Как ценились осколки бомб и снарядов? Прежде всего – длина. Чем длиннее, тем ценнее. Далее – вес. Тяжелый, округлый, как булыжник, осколок ценился выше длинного, но тощего. Далее – наличие особенностей. Высоко ценились осколки многоцветные, переливающиеся, как кристаллы марганцовки. Осколки с остатками бронзового кольца, с цифрами, буквами, какими-то черточками и значками… Но выше всего ценились целые вещи: уцелевшие стабилизаторы зажигательных бомб, сами зажигалки, почему-то на загоревшиеся… Мальчик нашел одну такую в конце сентября во дворе, она лежала рядом с помойкой – стройная, серебристая, элегантная, прекрасная, неописуемо ценная… Впрочем, это к Основной Теореме отношения не имело совсем уж никакого…
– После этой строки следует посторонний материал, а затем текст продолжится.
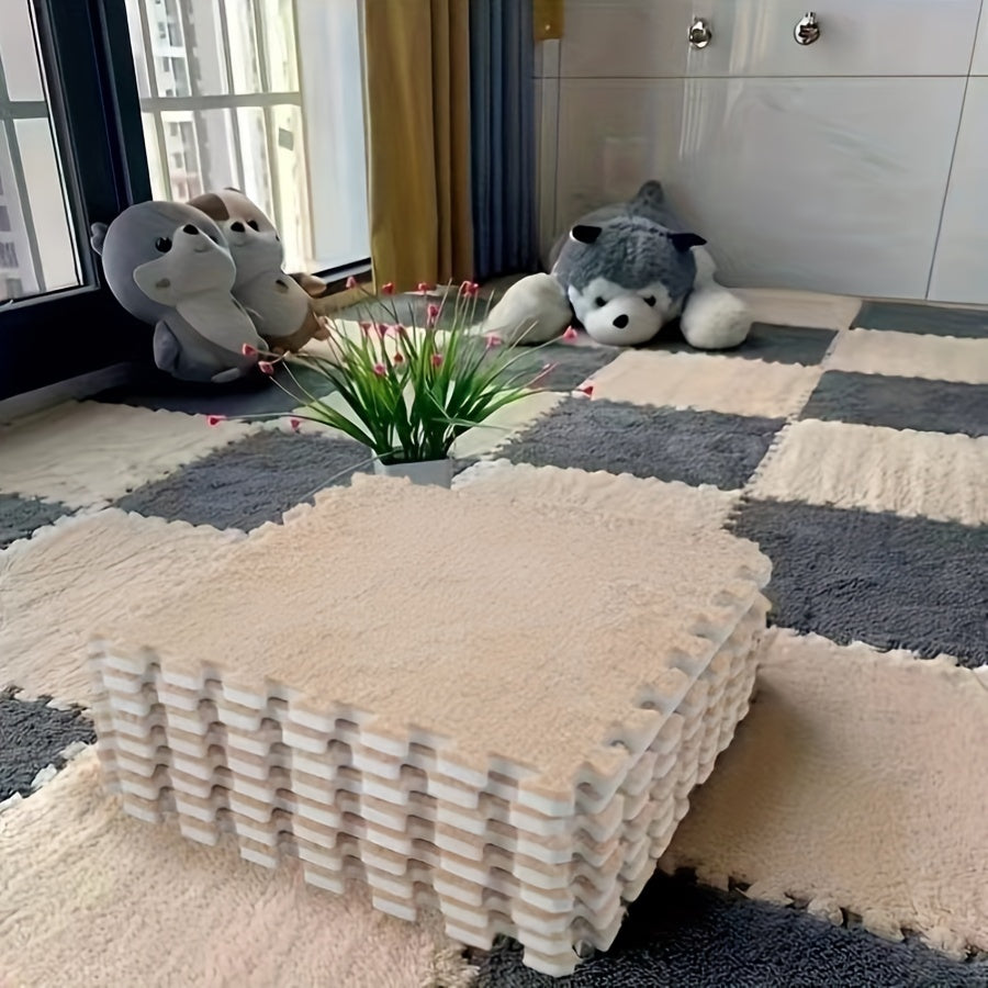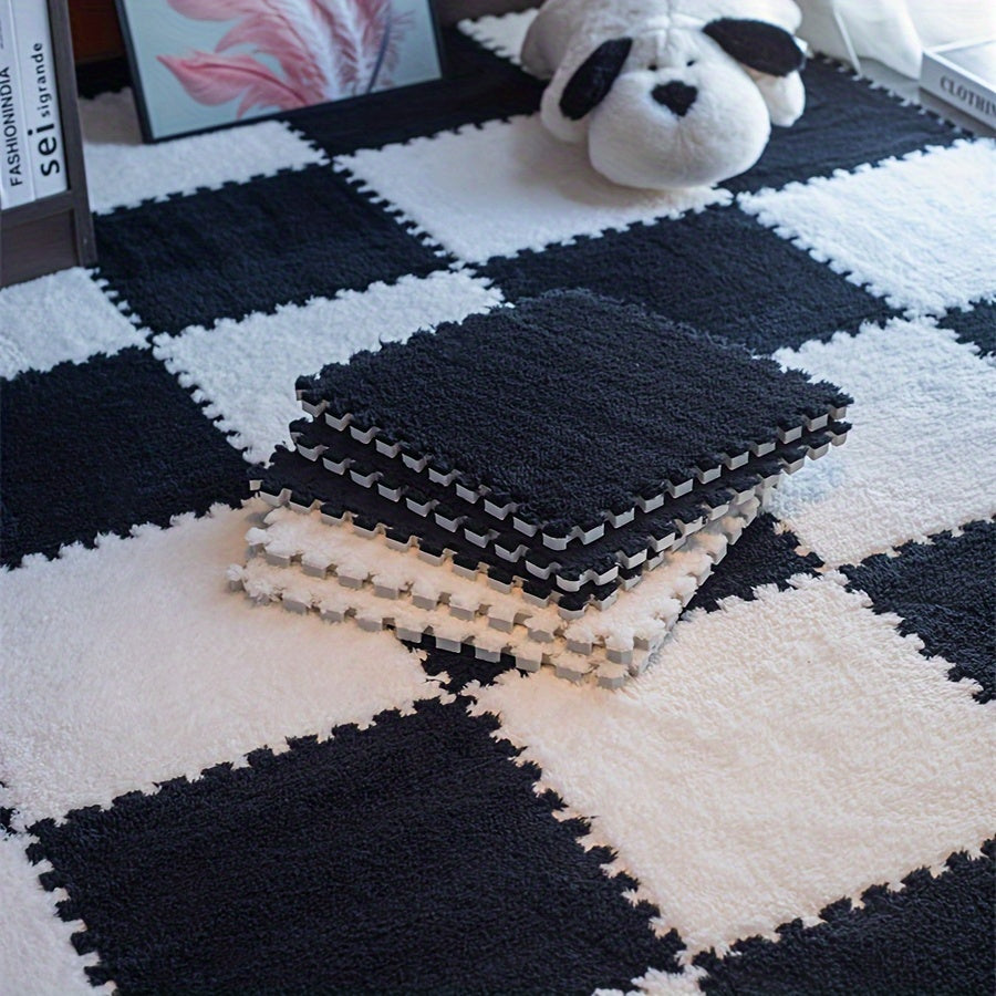 12 dona flocked gilam bo‘laklarini birlashtirish matlari, ichki foydalanish uchun, sirpanishga qarshi, butun polni qoplaydi, 11.81x11.81 dyuym
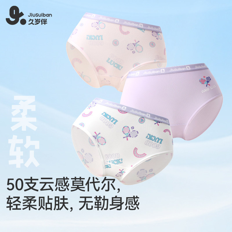 久岁伴女童三角内裤秋冬新品儿童不卷边护肚底裤6条装中大童裤头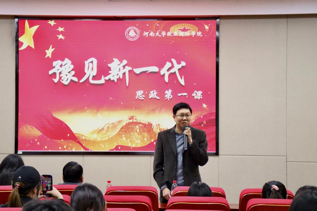 为深入贯彻习近平总书记关于“大思政课”建设的重要指示精神,全面落实《关于新时代加强和改进思想政治工作的意见》,落实中共河南省委教育工委、河南省教育厅的安排部署,3月10日下午,21点规则 结合“豫见新一代”主题教育实践活动在学院二楼报告厅开展“思政第一课”。学院党委书记李卫国、党委副书记黄鑫、团委副书记李琳出席活动。

Как ловили кошек, чтобы съесть. Как их ели. Вначале, еще брезгуя, ели исключительно и только белое мясо, а все остальное выбрасывали. Мясо – жарили. Взрослые говорили, что похоже на кроличье, но мягче, нежнее… А в конце осени – съедали уже все, до последнего клочка плоти, исключая разве что одну несъедобную шкуру да когти. И теперь уже – только варили. Только…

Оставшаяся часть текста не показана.